Alright, that's 2 votes for ASSERT_EQ, so I'll change it.

>
> > +
> > +static void help(char *name)
> > +{
> > +       puts("");
> > +       printf("usage: %s [-h] [-b vcpu bytes] [-s mem type]\n",
> > +              name);
> > +       puts("");
> > +       printf(" -b: specify the size of the memory region which should be\n"
> > +              "     dirtied by each vCPU. e.g. 10M or 3G.\n"
> > +              "     (default: 1G)\n");
> > +       backing_src_help("-s");
> > +       puts("");
> > +       exit(0);
>
> This should not be exit(0) if a user passed the wrong option.

Huh. That's a fair point, though many other tests also exit 0 after
printing the help text.
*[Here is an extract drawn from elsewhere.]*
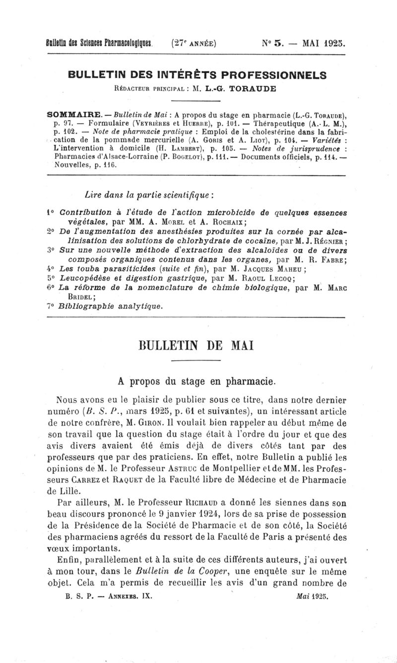 Bulletin des sciences pharmacologiques : organe scientifique et professionnel [Bulletin des intérêts professionnels]
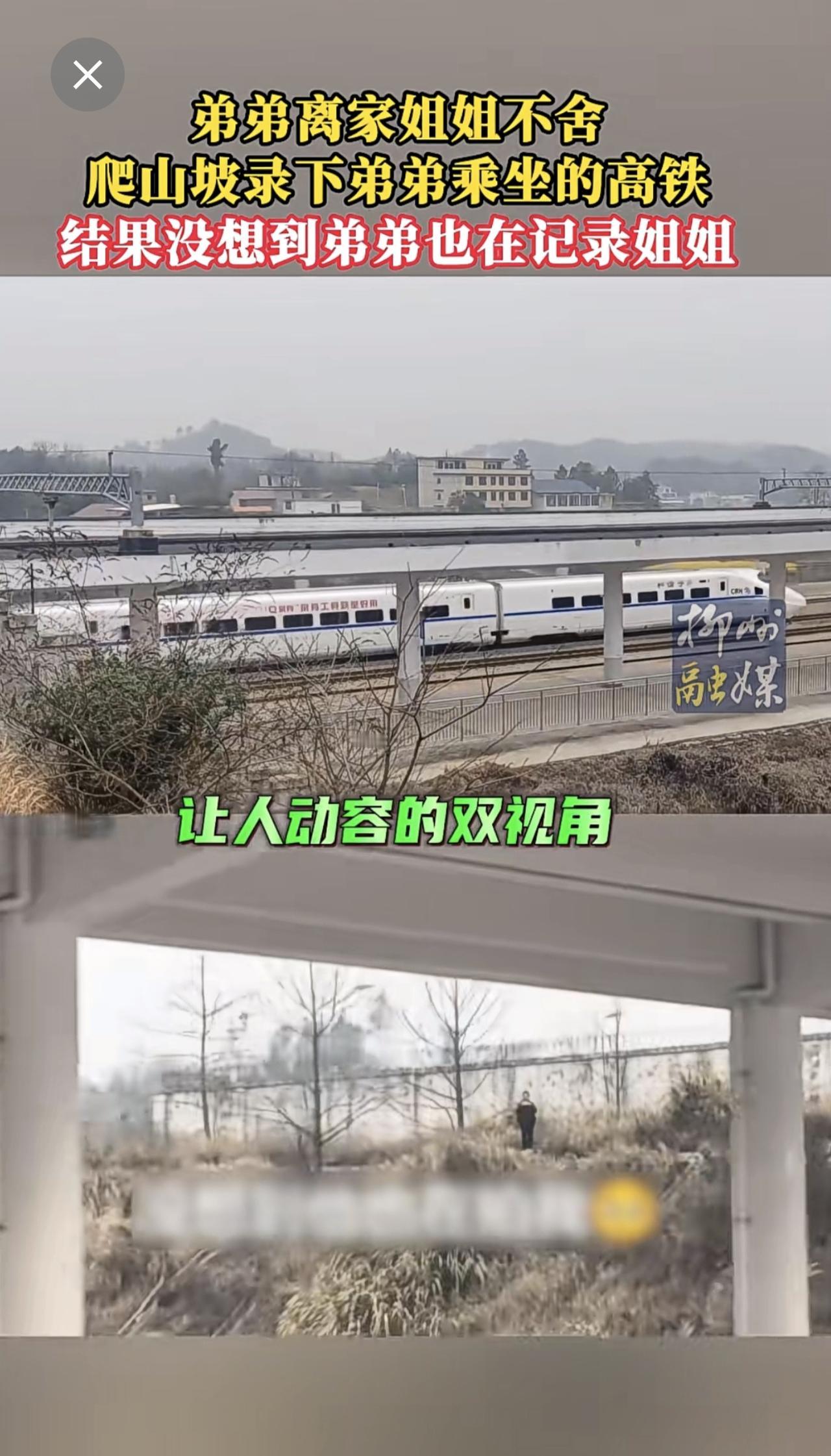 弟弟离家姐姐不舍,爬山坡录下弟弟乘坐的高铁,结果弟弟也在记录姐姐~更多新闻 欢迎

Annoyingly that would require exiting with a
different code depending on whether the help text was printed because
of the -h or a bad option but that's not too hard.

>
> > +}
> > +
> > +int main(int argc, char *argv[])
> > +{
> > +       int opt;
> > +
> > +       TEST_REQUIRE(get_kvm_param_bool("eager_page_split"));
> > +       TEST_REQUIRE(get_kvm_param_bool("tdp_mmu"));
> > +
> > +       while ((opt = getopt(argc, argv, "b:hs:")) != -1) {
> > +               switch (opt) {
> > +               case 'b':
> > +                       guest_percpu_mem_size = parse_size(optarg);
> > +                       break;
> > +               case 's':
> > +                       backing_src = parse_backing_src_type(optarg);
> > +                       break;
> > +               case 'h':
> > +               default:
> > +                       help(argv[0]);
> > +                       break;
> > +               }
> > +       }
> > +
> > +       if (!is_backing_src_hugetlb(backing_src)) {
> > +               pr_info("This test will only work reliably with HugeTLB memory. "
> > +                       "It can work with THP, but that is best effort.");
> > +               return KSFT_SKIP;
> > +       }
> > +
> > +       guest_modes_append_default();
> > +
> > +       dirty_log_manual_caps = 0;
> > +       for_each_guest_mode(run_test, NULL);
> > +
> > +       dirty_log_manual_caps =
> > +               kvm_check_cap(KVM_CAP_MANUAL_DIRTY_LOG_PROTECT2);
>
> Shouldn't the check be done in the beginning and skip the test f it is
> not supported?

Hmmm, we'd only want to skip this second run of the test, so we
probably wouldn't want to exit with an error.
Exiting early is probably reasonable though.

>
> > +       dirty_log_manual_caps &= (KVM_DIRTY_LOG_MANUAL_PROTECT_ENABLE |
> > +                                 KVM_DIRTY_LOG_INITIALLY_SET);
> > +       for_each_guest_mode(run_test, NULL);
> > +
> > +       return 0;
> > +}
> > --
> > 2.39.1.405.gd4c25cc71f-goog
> >